Mi chiamo Jasmine perché mio nonno amava il giardinaggio. Quando nacqui, andò a trovare mia madre in ospedale e le portò un mazzetto di gelsomini presi dal graticcio di legno dipinto di rosso che aveva costruito da solo sul retro della casa, incartati in un foglio di giornale legato con lo spago, con l’inchiostro del difficilissimo cruciverba dell’«Irish Times» risolto per metà annacquato dalla pioggia rimasta sugli steli. Non era il gelsomino estivo che tutti conosciamo grazie alle costose candele profumate o a certi stravaganti vaporizzatori per ambienti: per una bambina nata in inverno ci voleva il gelsomino invernale, con i suoi piccoli fiori gialli a forma di stella, di cui il suo giardino era pieno e che illuminavano un po’ il cupo grigiore della stagione fredda. Non credo che il nonno abbia attribuito alla cosa un significato particolare, e non so se si sia sentito particolarmente onorato dal fatto che mia madre abbia poi deciso di chiamarmi come i fiori che lui le aveva portato. Penso piuttosto che lo ritenesse un nome strano per una bambina, un nome appropriato per quelle cose naturali che stavano nel suo giardino e assolutamente non adatto a una persona. Del resto, chiamandosi lui Adalbert in omaggio a un santo che era stato missionario in Irlanda, e Mary di secondo nome, non era certo un uomo avvezzo ai nomi che non vengono dalla Bibbia. L’inverno precedente aveva portato a mia madre dell’erica violetta in occasione della nascita di mia sorella, che infatti si chiama Heather. Un dono semplice e innocente, per quanto riguarda mia sorella, ma io mi chiedo ancora che intenzioni avesse con me. Facendo qualche ricerca, ho poi scoperto che quel gelsomino è parente stretto dell’erica, un’altra colorata protagonista dei giardini invernali. Non so se sia perché ho in mente com’era fatto il nonno, ma in cuor mio spero sempre che le persone silenziose custodiscano in sé una specie di magia e una saggezza che ai meno riservati manca; che il loro non dire significhi che hanno qualcosa di più importante per la testa. Forse la loro apparente semplicità cela un mosaico di pensieri imperscrutabili, e tra questi quello di nonno Adalbert che voleva che mi chiamassi Jasmine.

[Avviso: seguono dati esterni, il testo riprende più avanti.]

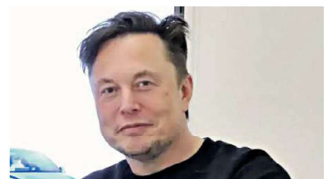
Elon Musk estaria preocupado lideranças da Tesla e SpaceX

Eduardo Suplicy cita como exemplo a necessidade de fazer planejamentos das próximas etapas e evitar o desligamento imediato de famílias que por acaso passarem a cumprir regras do Bolsa Família, além da criação do grupo de trabalho apontado por Suplicy, justamente para traçar um plano para o parlamentar.
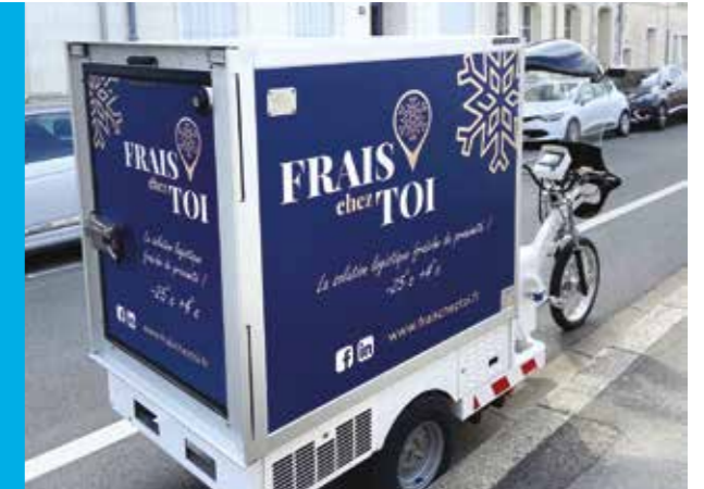
KLEUSTER Freegone ist mit der neuen K 0.31 Frigoline-Koeffizientenzelle und einer Plug & Play Plus-Kühlmaschine ausgestattet.

Der neue Freegone Frigoline von KLEUSTER mit 1.5 m 3 Kühlvolumen ist ein elektrisch unterstütztes Lastenfahrzeug. Null Emissionen, Null Lärm und Null Stau – auch, weil er auf Radwegen fahren kann. Seine Kühlmaschine und seine Karosserie sind ATP-zugelassen. Die neue Frigoline-Zelle bietet eine innovative breite „OT1“ Hecköffnung. Dank seines elektrischer Antrieb fährt es mühelos bis zu 18 km/h an, ist mit einer Berganfahrhilfe sowie einer Tempomat-Funktion ausgestattet und lässt sich innerhalb von 5 Stunden an einer einfachen 230V 16-Ampere-Buchse aufladen. DAS ideale Elektro-Dreirad für Lieferungen in der Stadt!

Tornando a quel giorno in giardino, Kevin interpretò la mia impassibilità alla sua battuta sulla morte come segno di disapprovazione, e non c’era nulla che lui detestasse o temesse di più, quindi mi rivolse il suo sguardo più feroce e disse: «Anche tu morirai, Jasmine».
Eravamo in sei seduti in cerchio lì, io ero la più piccola, mia sorella era poco lontano che giocava a farsi girare la testa e cadere. Con una collanina di margherite attorno alla caviglia e un nodo in gola così grosso che temevo di aver inghiottito uno dei bombi che ronzavano sul buffet floreale ai nostri piedi, tentai di far sedimentare l’idea del mio futuro decesso. Gli altri erano rimasti scioccati dalle sue parole, ma invece di prendere le mie difese e negare quell’orribile annuncio che suonava come una premonizione, mi guardarono tutti con aria triste e annuirono. Sì, è vero, mi dissero all’unisono con il loro sguardo. Morirai, Jasmine.

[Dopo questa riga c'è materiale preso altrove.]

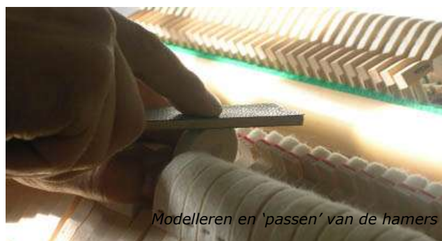
Modelleren en 'passen' van de hamers

Hoe beter van kwaliteit de piano is, des te preciezer kan het instrument worden geïntoneerd. Is het instrument van matige kwaliteit, dan verbetert de vakman dat niet door het te intoneren.
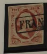
1857 PLAAT V 2H D. ROOD
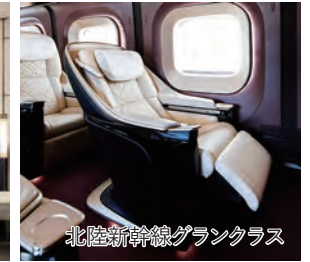
北陸新幹線グランクラス

Il mio lungo silenzio fu preso in carico da Kevin, che affondò il coltello nella piaga. Non solo sarei morta, ma prima mi sarei beccata una cosa chiamata ciclo che mi sarebbe venuta tutti i mesi per il resto della vita con dolori e supplizi insopportabili. Mi spiegò anche come si fanno i bambini, entrando così tanto nel dettaglio che per una settimana ebbi difficoltà a guardare negli occhi i miei genitori, e infine, gettando sale sulle ferite aperte, mi disse che Babbo Natale non esisteva.

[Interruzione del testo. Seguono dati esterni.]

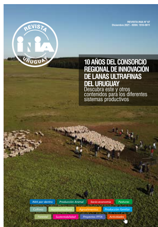
Foto de tapa: actividad de campo en el marco del CRILU.

INSTITUTO NACIONAL DE INVESTIGACIÓN AGROPECUARIA

Certe cose uno vorrebbe dimenticarle, ma non ci riesce.
Perché continuo a tornare su questo episodio della mia vita? Be’, perché è lì che sono cominciata. È lì che ho preso forma per come mi conosco, per come mi conoscono tutti. La mia vita ha avuto inizio quando avevo cinque anni. Sapere che sarei morta ha insinuato in me il seme di qualcosa che ancora oggi porto dentro: la consapevolezza che, sebbene il tempo sia infinito di per sé, il mio tempo è limitato, il mio tempo passa. Ho capito che le mie ore e quelle degli altri non sono uguali. Non possiamo passarle nello stesso modo, non possiamo vederle nello stesso modo. Voi usatele come volete, ma non tirate dentro me; io non ho tempo da buttare. Se volete fare qualcosa, dovete farlo adesso. Se volete dire qualcosa, dovete dirlo adesso. E, soprattutto, è necessario farlo in prima persona. È la vostra vita, siete voi che morite, voi che la perdete. Essere in movimento, far sì che le cose accadano, è diventato il mio modo di stare al mondo. Ho sempre lavorato a pieno ritmo, tanto da restare senza fiato, incapace di trovare un momento per riconnettermi con me stessa. Sempre a rincorrermi, senza mai raggiungermi. Sempre di fretta.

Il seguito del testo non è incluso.